Спустя какое-то время позвали меня в марийское село. Там одна бабушка преставилась, 107 лет ей было.

И вот на отпевании прочел я марийскую молитву:

– Святой Юмо, Святой куатлэ, Святой кугутумо, гань мыньим нергеле.

Это перевод молитвы «Святый Боже, Святый крепкий, Святый бессмертный, помилуй нас». Только вместо «бессмертный» говорится «великий» и уточняется – «крепкий, как дуб».

Марийки очень растрогались. Со слезами подходили, благодарили.

Батюшка и доктор

– Кого у нас в первую очередь приглашали раньше к умирающему? –спрашивает отец Петр и, не дождавшись ответа, продолжает:

– Был у нас в районе доктор, еще в советские времена. Нас с ним не раз, бывало, в один и тот же дом звали.

Как-то раз это невольное знакомство его даже подвело. Пришел он в церковь на Пасху, вместе со всеми – поглядеть. Поздоровались мы с ним, перекинулись парой слов. А кто-то донес, и через несколько дней фотографию доктора с Доски почета сняли. Испугались, что верующий.

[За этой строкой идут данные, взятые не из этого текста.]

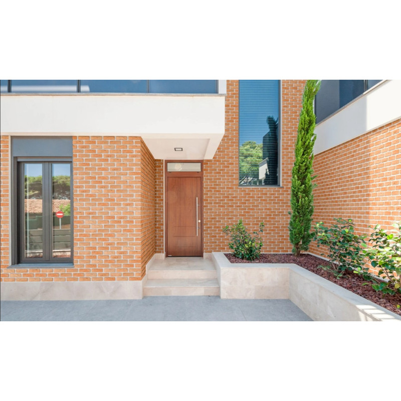 • Autentisks sena ķieģeļa izskats — tekstūra ar dabīgām krāsas niansēm un porainību, kas rada siltu noskaņu .
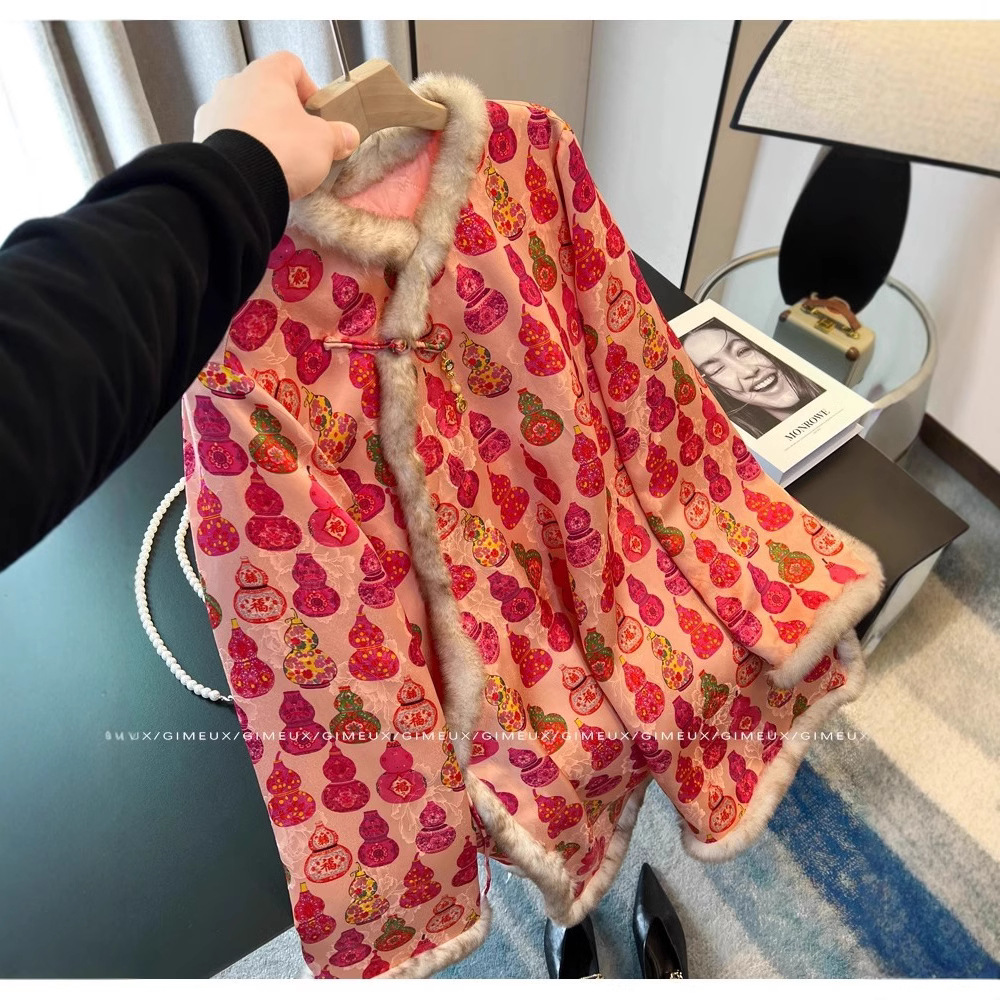 新年の軍服改良コートの女性2024冬の新中国風ミンクの毛を合わせながら、綿入れを厚くして新年を祝う服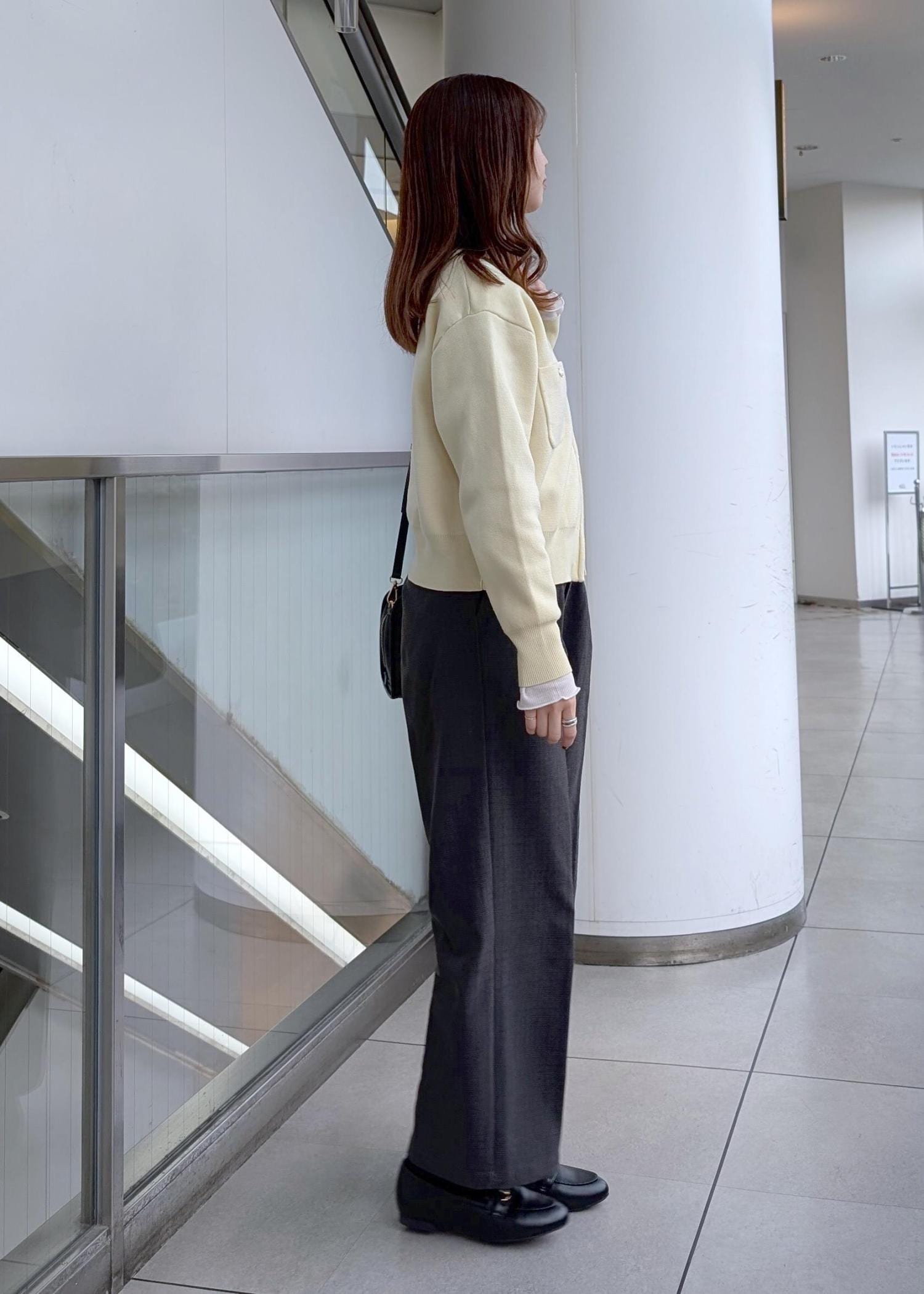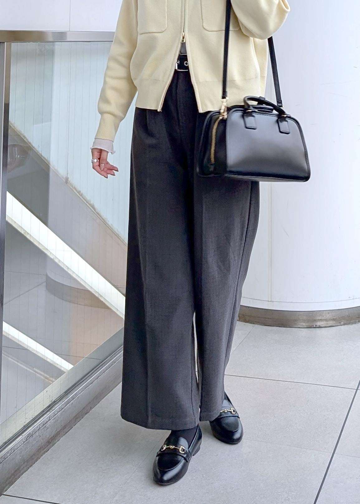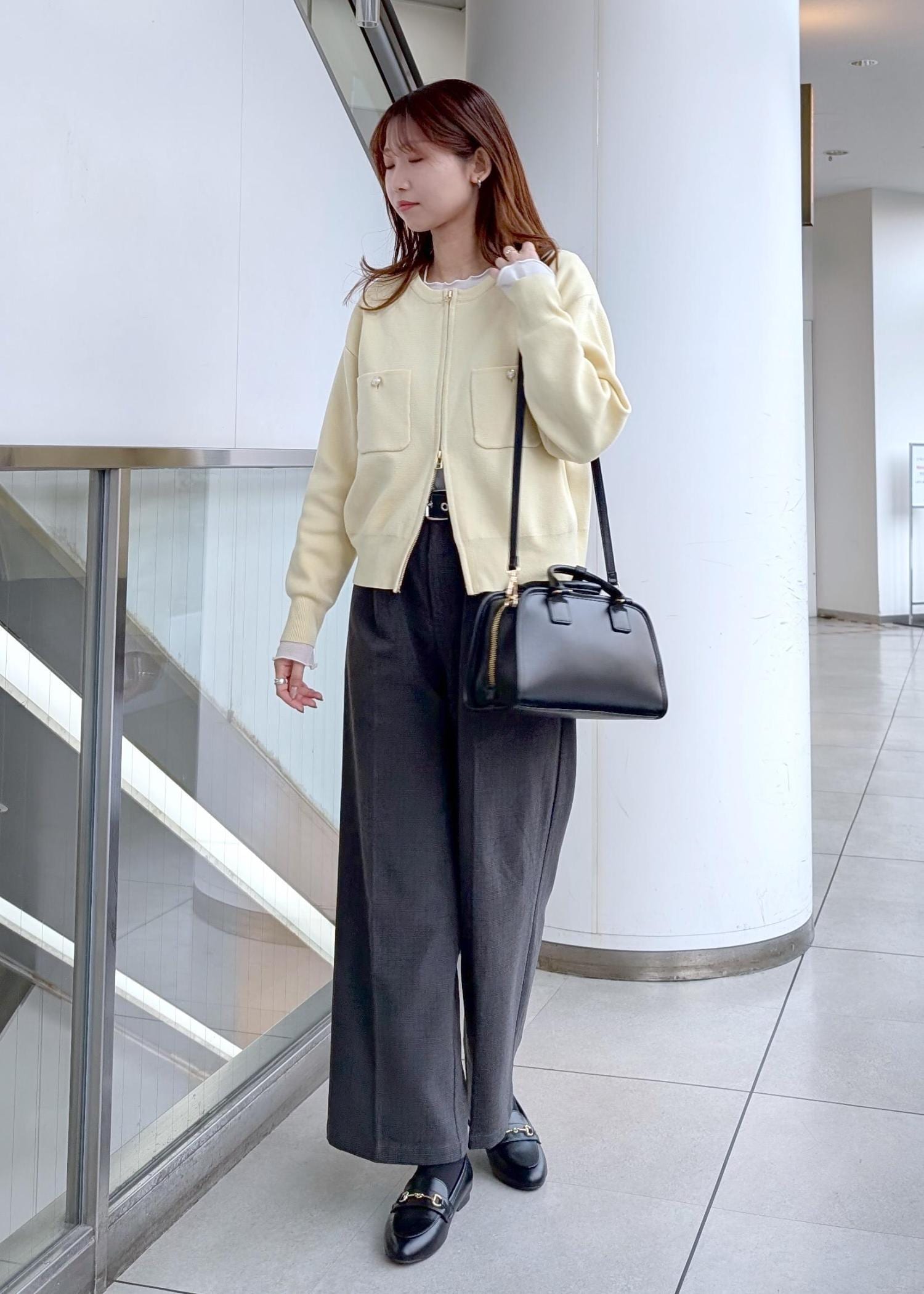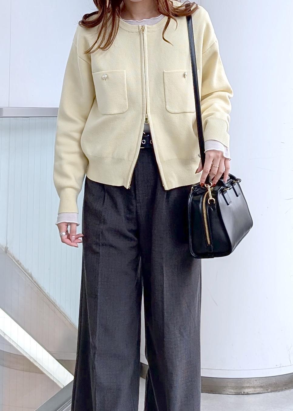 トップスのカーディガンはダブルジップのため、スタイルに合わせて開け具合を調節可能。今回はセミワイドパンツと合わせたため腰回りが重くならないように少し開けて着用しました。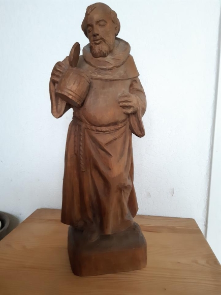 Er ist aus edlem Holz geschnitzt und hat eine Höhe von ca. 45 cm.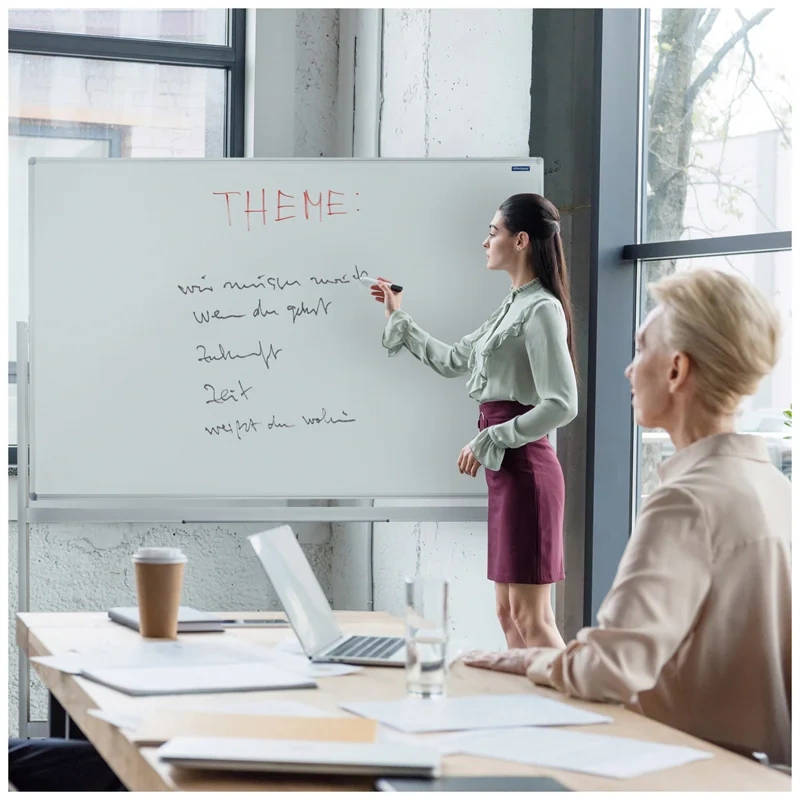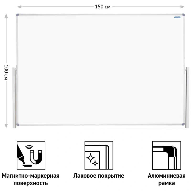 Доска магнитно-маркерная OfficeSpace с алюминиевым профилем. Размер: 1000*1500 мм. Доска двусторонняя, поворотная, мобильная, с фиксацией положения. Идеально подходит для проведения планёрок, совещаний и презентаций.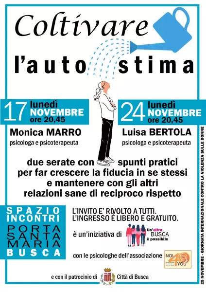Lunedì 17 e 24 novembre alle 20.45 nello Spazio Incontri Porta Santa Maria, si terranno due serate dedicate al tema dell’autostima, argomento già affrontato lo scorso marzo insieme alle psicologhe dell’associazione Noi4You Cuneo.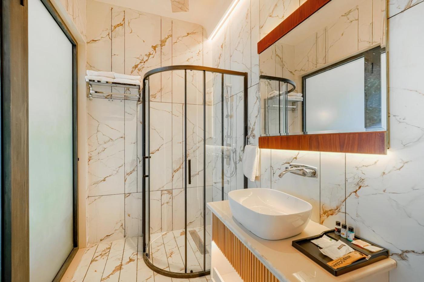 Deluxe Room. Offering free toiletries, this double room includes a private bathroom with a shower, a hairdryer and slippers. The double room features tiled floors, a seating area with a flat-screen TV with cable channels, air conditioning, soundproof walls, as well as a tea and coffee maker. The unit offers 1 bed. ;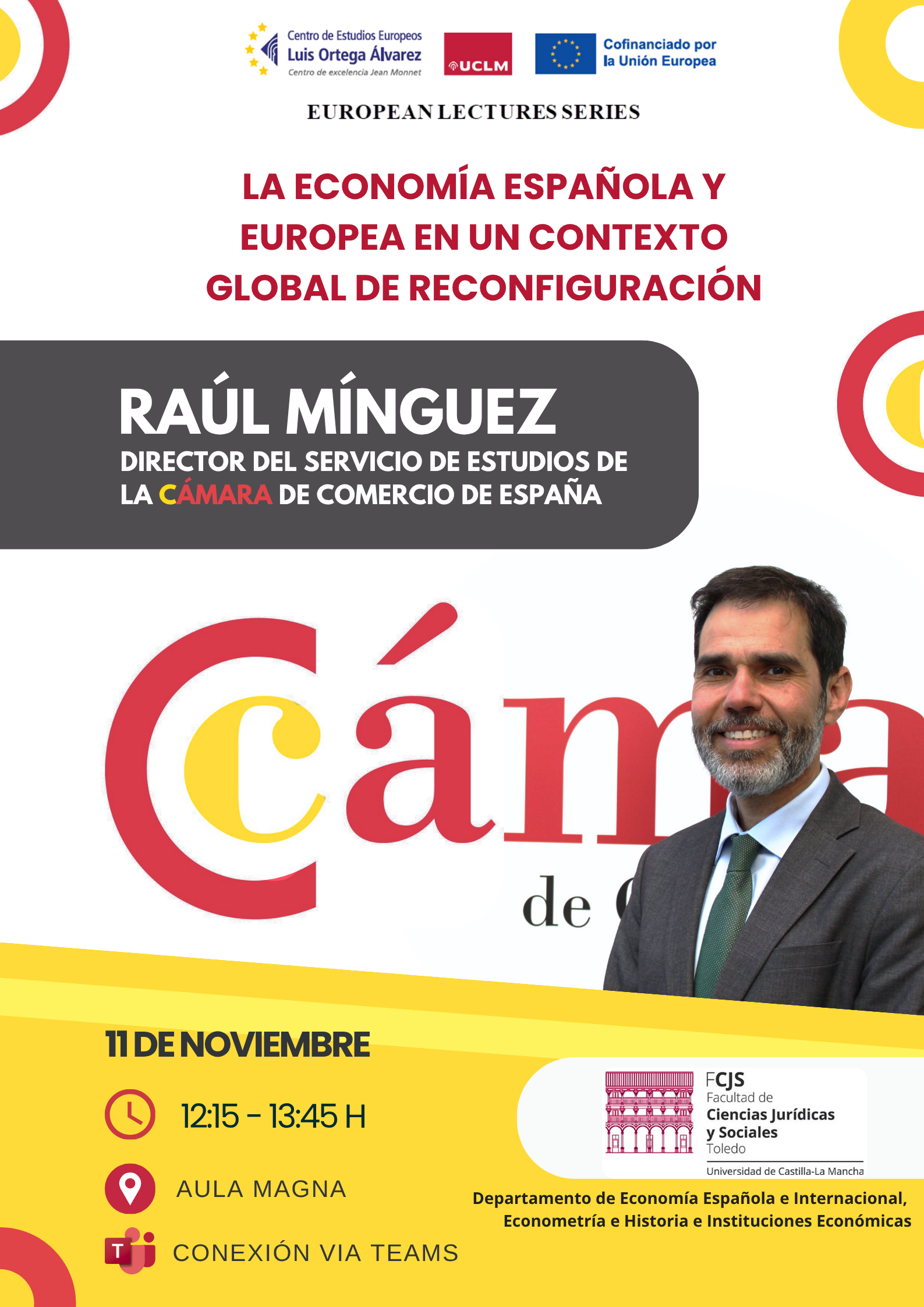 Se informa de la organización el próximo martes 11 de noviembre de 12h a 14h en el Aula Magna, de la conferencia "La Economía Española y Europea en un contexto global de reconfiguración" impartida por el Director del Servicio de Estudios de la Cámara de Comercio de España, Raúl Mínguez.

Так вот, столкнемся мы с ним иной раз в дверях у больного и решаем, кому первому идти. Он старался меня пропустить. Говорю ему:

– Я надолго.

– Ничего, ничего. Я пока рецепты выпишу.

И вот пишет он, пишет их, один за другим. А я исповедую. Иногда в последний раз – видно, что человек к смерти готовится. Спрашиваю доктора:

– Вы уверены, что все это понадобится? Что ваш больной успеет все это принять?

– Ну, не знаю.

– А кто знает?

А он в ответ палец кверху поднимает.

В самом начале нашего знакомства доктор был более самоуверен. Позвали нас с ним однажды к одной старушке. 90 лет ей было. Доктор сказал тогда очень определенно, что, мол, все, отжила свое бабушка.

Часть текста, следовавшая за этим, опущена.